# Clausing-Colchester 11" 8000 series Compound Feed Nut



## Flightmap (Dec 17, 2013)

I have a Clausing-Colchester 11 Inch, 8000 series Gear Head Engine Lathe  (title taken directly form the parts manual) and my problem is with the COMPOUND FEED feed nut. Clausing uses the term "Topslide Assembly" This is part number 201-634-0.

I have too much slop in the feed nut and wish to replace it.  My question is:  has anyone made their own nut, what is the thread size (I think it is an Acme 1/2" X 10TPI but not sure) and has anyone used off the shelf material.  What i really want is confirmation of the Thread Size as the measurements I have made are just vague enough to cause an indecision.
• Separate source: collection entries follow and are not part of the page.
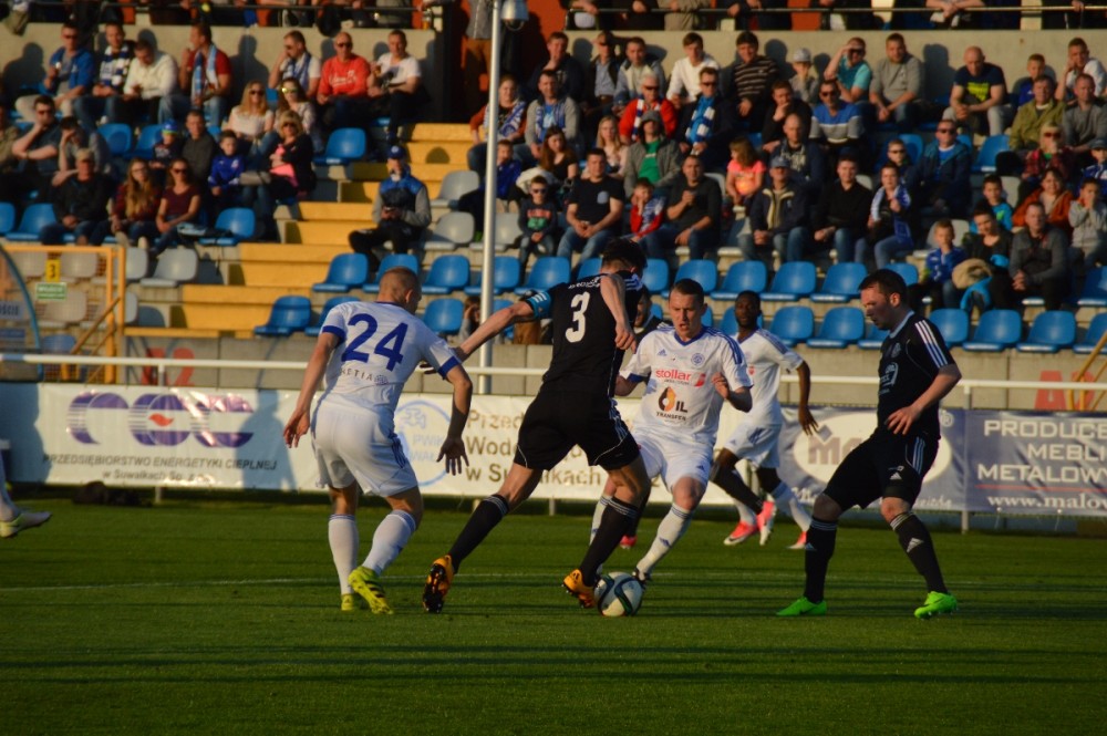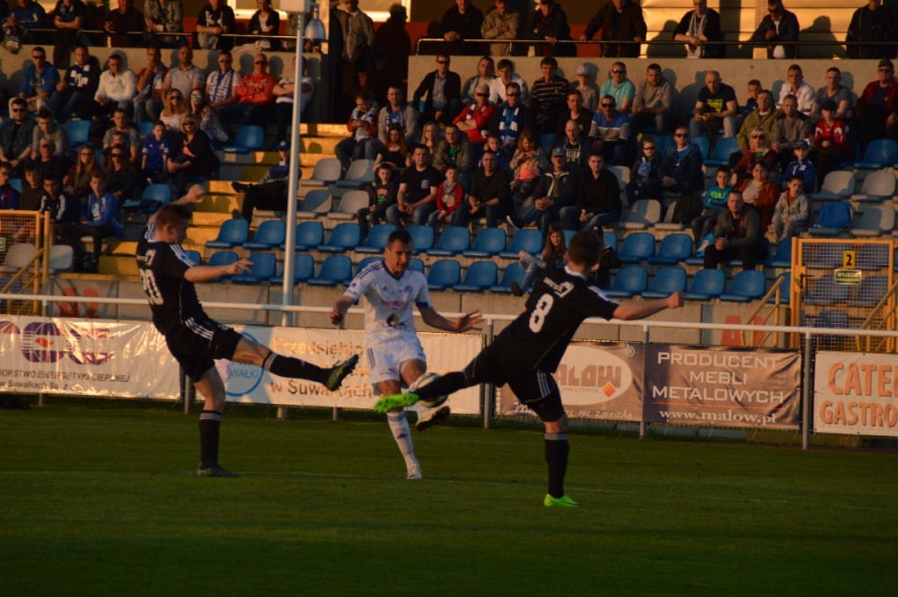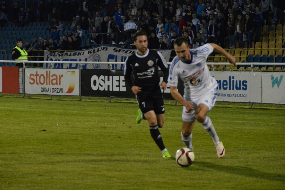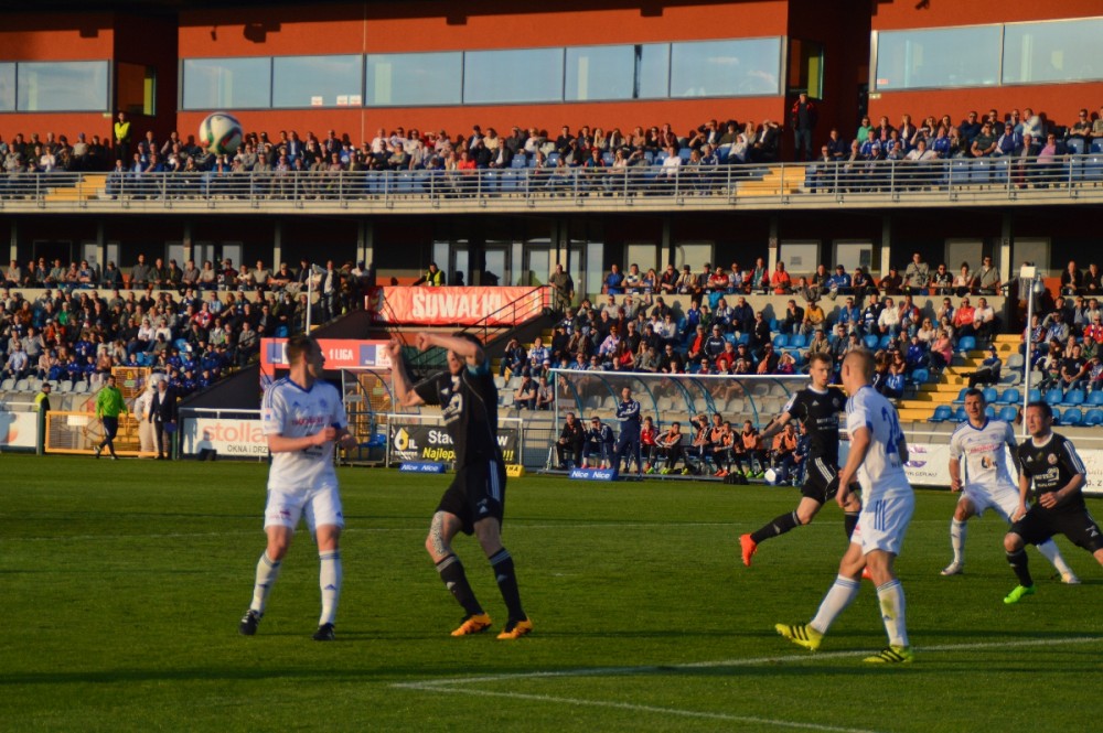 Suwalczanie mogli podwyższyć wynik po iście bilardowej akcji, ale Kamil Zapolnik chciał ja zakończyć nazbyt efektownie. Po jego uderzeniu piętka piłka o metr minął słupek bramki przyjezdnych.
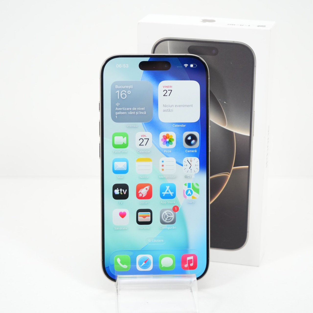 Ecran: OLED de 6.3, Refresh Rate 120 Hz Procesor: Apple A18 Pro Memorie RAM: 8 GB Memorie interna: 256GB Camera Foto: Principala 48 MPx, Frontala 12 MPx Stare retea: Liber de rețea
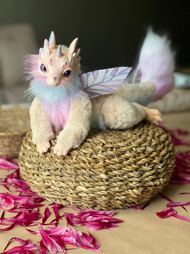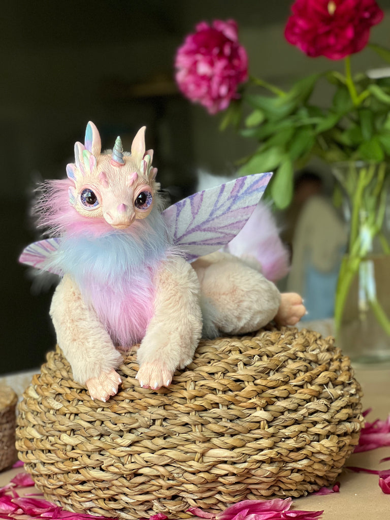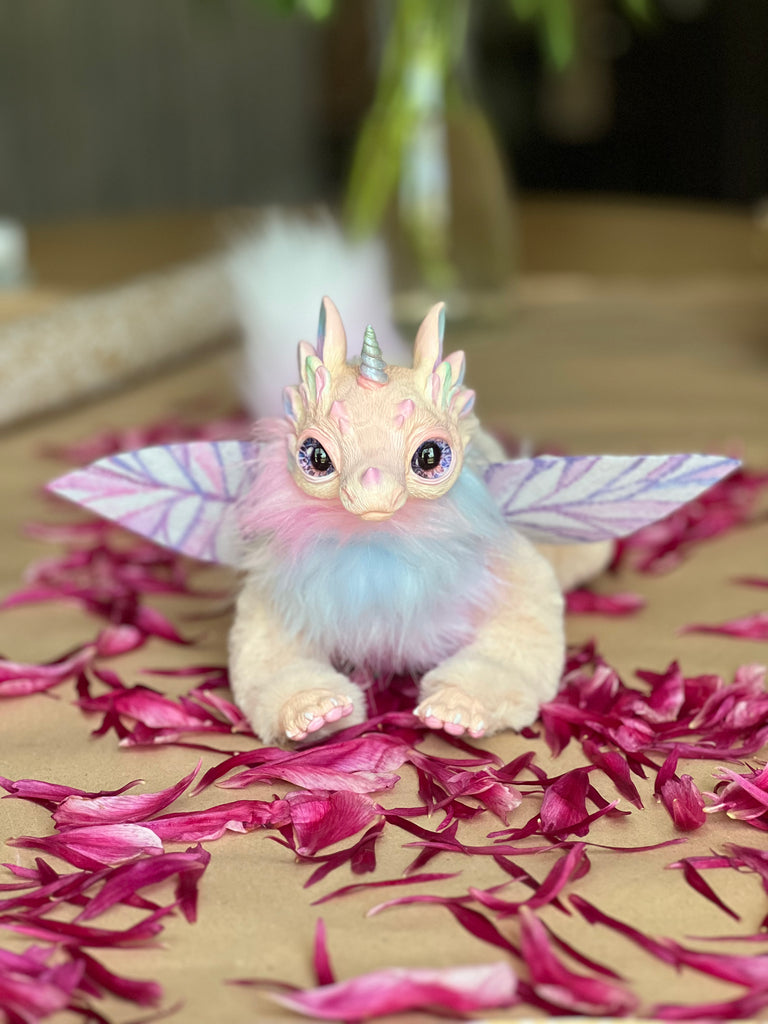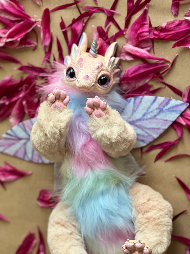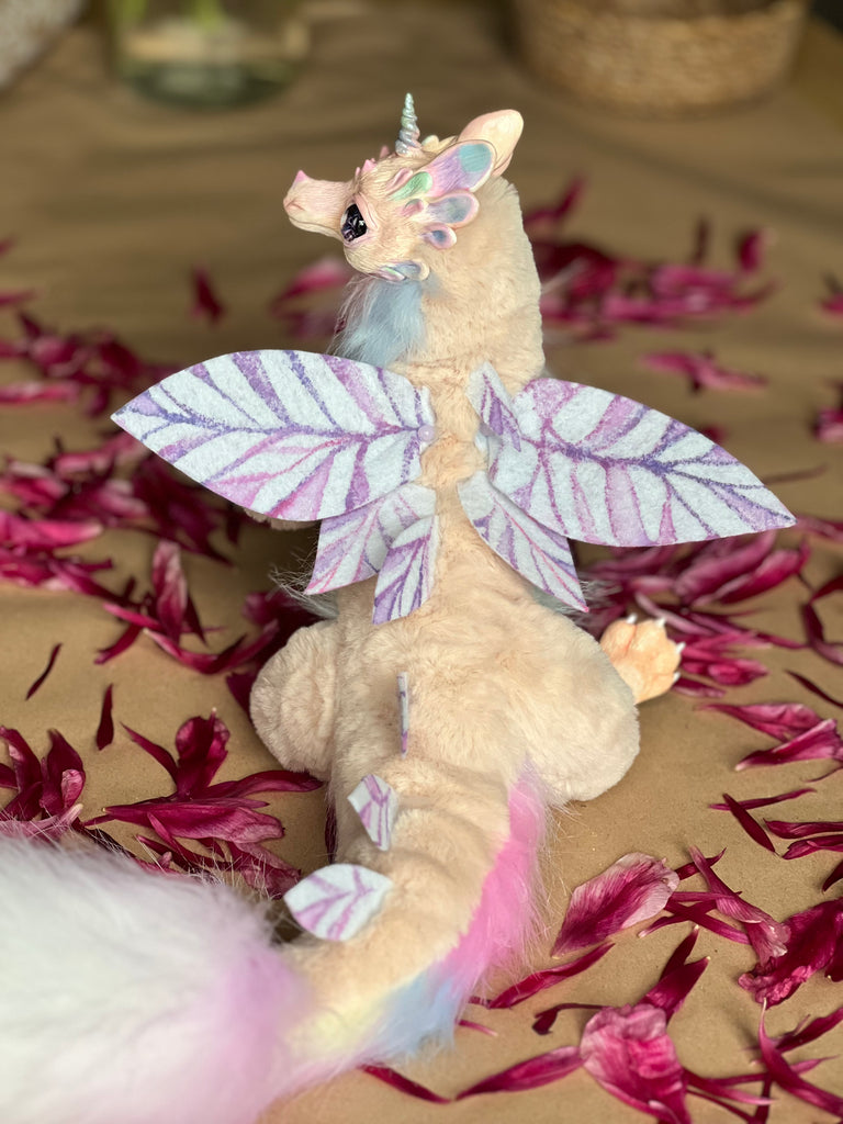 Introducing the Seahorse Dragon, a captivating fusion of seahorse elegance and dragon mystique. Adorned in shades of blue and turquoise, this enchanting creature features a distinctive head with a charming tiny horn on its forehead, framed by deep, alluring eyes. Delicate butterfly wings gracefully extend from its back, a nod to its dragon heritage. Soft scales along its spine add a touch of tactile wonder to its ethereal presence. The Seahorse Dragon encapsulates the magic of both land and sea, ready to whisk you away to realms of imagination and adventure.
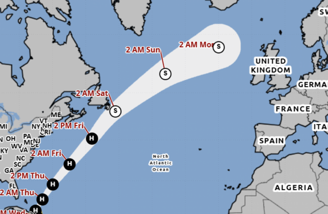 A map from the National Oceanic and Atmospheric Administration predicting the path of the hurricane shows that it may come quite close to Ireland.
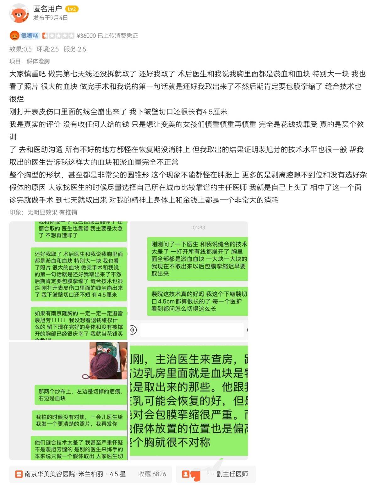 9月4日,另一位消费者也发布了差评,详细描述了其于该机构的消费过程。该消费者称,做完假体隆胸第七天,线还没拆除就进行了取出手术。术后医生告知其胸部内存在大量淤血和血块,有一块特别大,该消费者也查看了照片,看到很大的血块。医生术后第一句话是说:“还好已取出,不然后期肯定会出现包膜挛缩情况”。该消费者表示,医生缝合技术很差。刚打开表皮伤口时,里面的线全部崩开,其下皱襞切口长度达到4.5厘米。
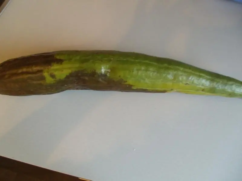 Auf Bild 1 sieht man ein Loch - wer oder was auch immer das gebohrt hat. An der Stelle ist die Gurke beim waschen auseinander gebrochen.
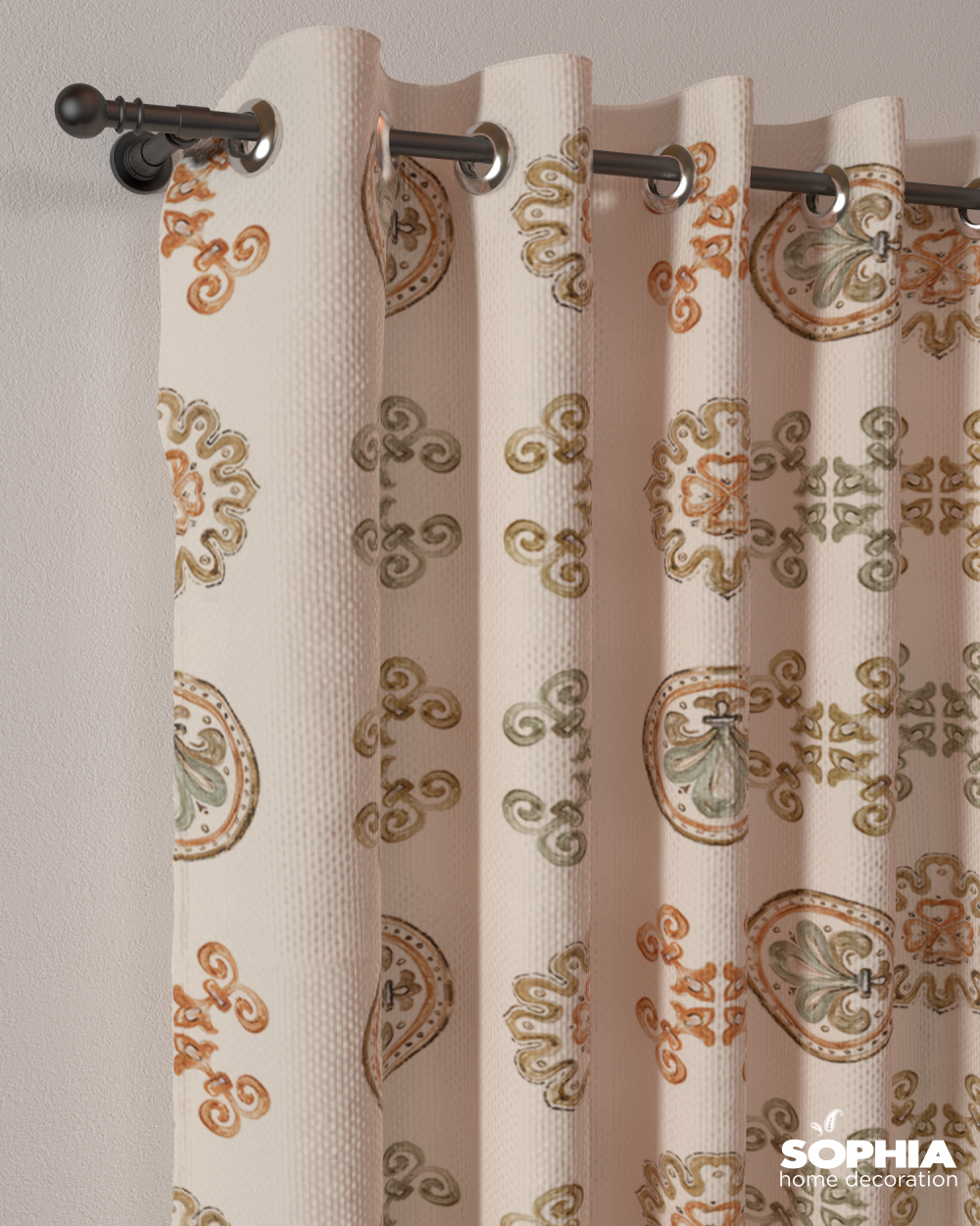 Așadar, dacă ești în căutare de idei și dorești să folosești draperiile pentru a reîmprospăta designul locuinței, alege draperiile Barcelona, de culoare maro/portocaliu/gri, in stil shabby chic.
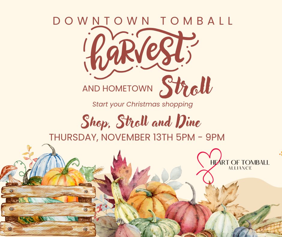 Fall shopping and stroll through Downtown Tomball as local shops stay open late for fall shopping and holiday prep. Neighbors gather to support Heart of Tomball Alliance members and enjoy local eateries.
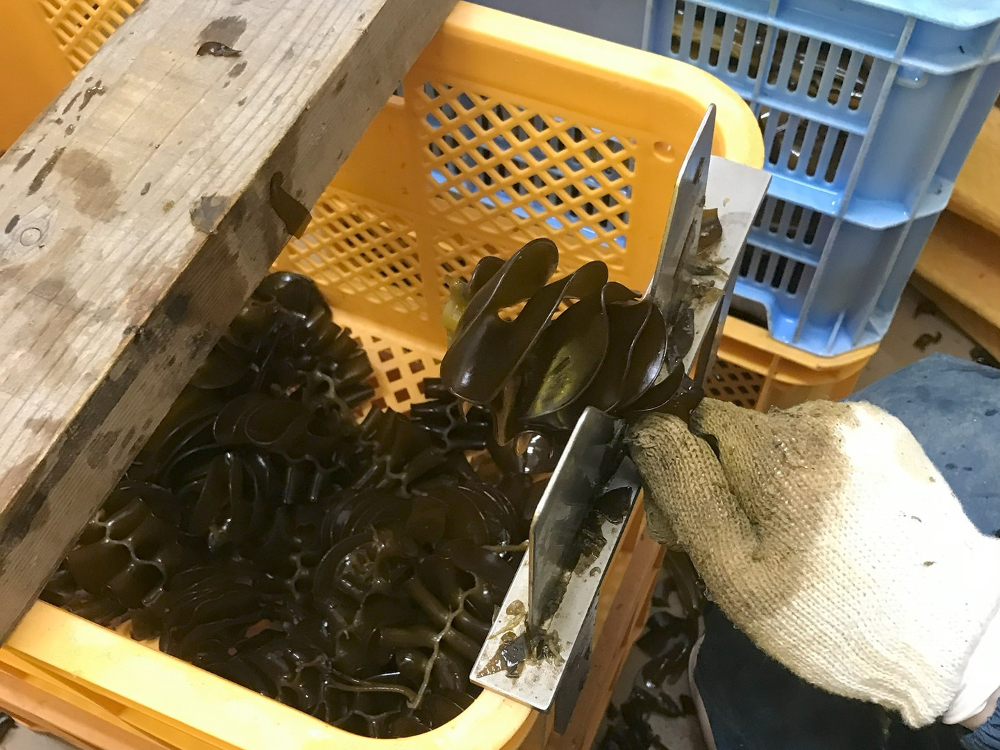 写真のように、収穫からほぼ手作業で、今年は4月末から『めかぶ』の加工が始まります。今回はできたての新物をご提供いたします。
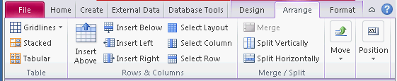 The Arrange contextual ribbon includes groups that can manage control groups, set text margins and padding for controls, toggle the Snap to the Grid layout feature, set tab order, align controls, and display Property Sheet.
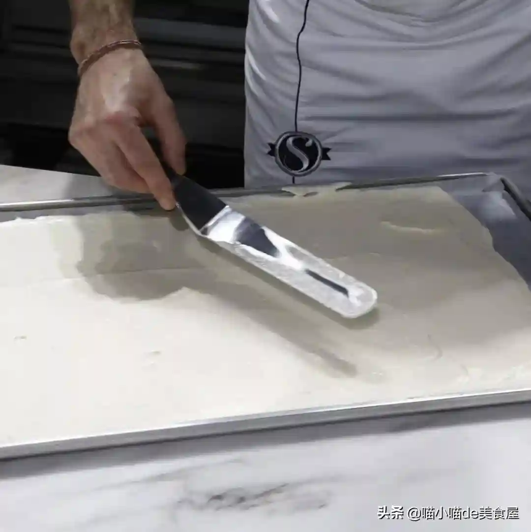 6.将面糊倒入垫有油纸的烤盘中,使用曲面抹刀抹平;入风炉,以180℃烘烤8至10分钟。
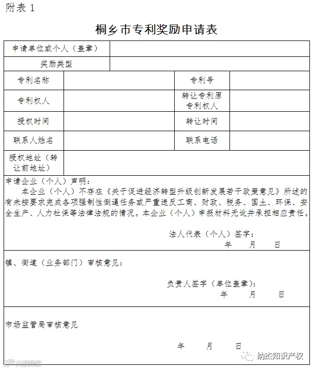 附表:1、桐乡市专利奖励申请表;
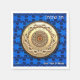Uma bandeja matzah de ornamentado metal Passover com uma Magen David fractal 3D (Estrela de David). A placa sobrepõe-se a uma toalha de mesa azul com vários Magens David. O texto hebraico no prato diz: "מ צ ה" (matzah) e "פ ס ח ש מח" (pesach sameach - Happy Passover). Você pode personalizar adicionando seu próprio texto adicional.
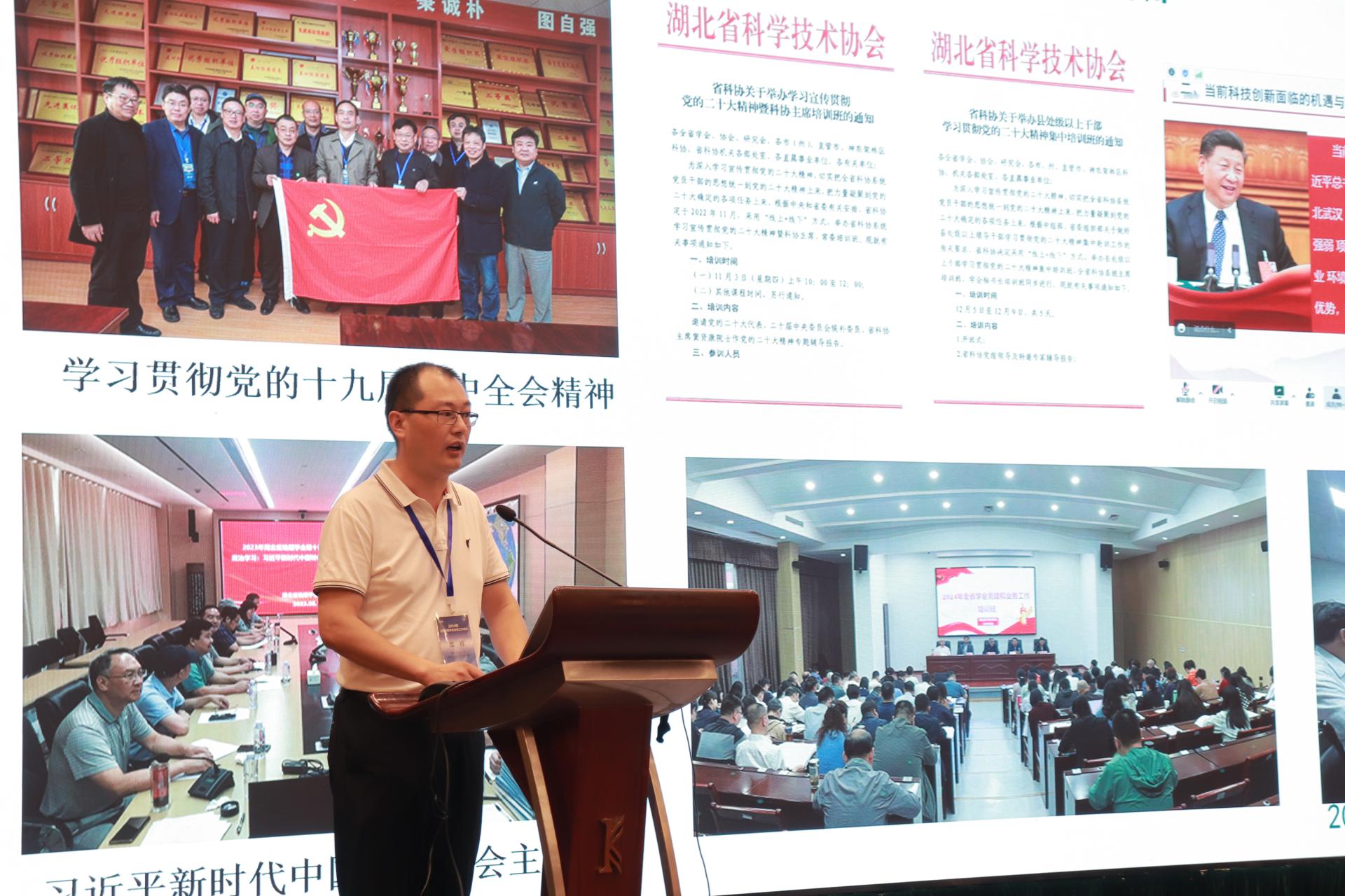 19日上午,科学家讲党课环节由中国地理学会副秘书长、湖北省地理学会理事长、华中师范大学城市与环境科学学院罗静教授主持。中国地理学会党委秘书于信芳、中国地理学会山地分会主任陈宁生教授、中国地理学会地理大数据工作委员会秘书长刘闯研究员分别作《党建引领中国特色一流学会建设——中国地理学会党委及分支机构党建活动介绍》《立足山地 践行科学精神 筑建灾害防控体系》《践行“两山”理论:地标生境保护与区域高质量发展地理学家的作用》报告。
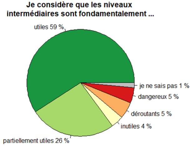 En posant deux questions, nous voulions vérifier si les niveaux intermédiaires étaient compris comme nous les concevons. L’interprétation correcte est la suivante:
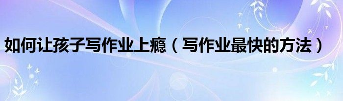关于如何让孩子写作业上瘾,写作业最快的方法这个很多人还不知道,今天菲菲来为大家解答以上的问题,现在让我们一起来看看吧!

The parts manual shows an English designation on the nut, but perhaps this is variable?  See the following attachment for drawing, from Clausing

file://localhost/tmp/PreviewPasteboardItems/col-8000-11-01%20(dragged).pdf

On another topic, I have read where the name of this lathe is sometimes referred to as a "Bantam" especially in England.  Is this a correct Identifier?  Some have used the additional identifier of MK1 or MK2.  Are these additions (MK?) correct for the 11 inch lathe?  Is there any other titles that identify this lathe?  I would like to use identifiers that are accurate and not confusing (as in my previous post on cross-feed).


----------



## Flightmap (Dec 19, 2013)

These are pictures of my lathe.  Any thoughts on exactly what name this lathe is (MK1,MK2,??)

Ken


----------



## Badge171 (Dec 20, 2013)

*Re: Clausing-Colchester 11&quot; 8000 series Compound Feed Nut*

I have that machine . I also needed the feed nut and I replaced the shaft, If I remember correctly 1/2 " left hand thread, made the nut out of bronze square stock. the shaft and tap, purchased, My project came out fine
	

		
			
		

		
	




- - - Updated - - -

If you need Ill measure it out sometime this weekend, Or I can make you one,That may take a little longer with the holiday and all.  I have the material and taps already .
Let me know
best regards 
frank


----------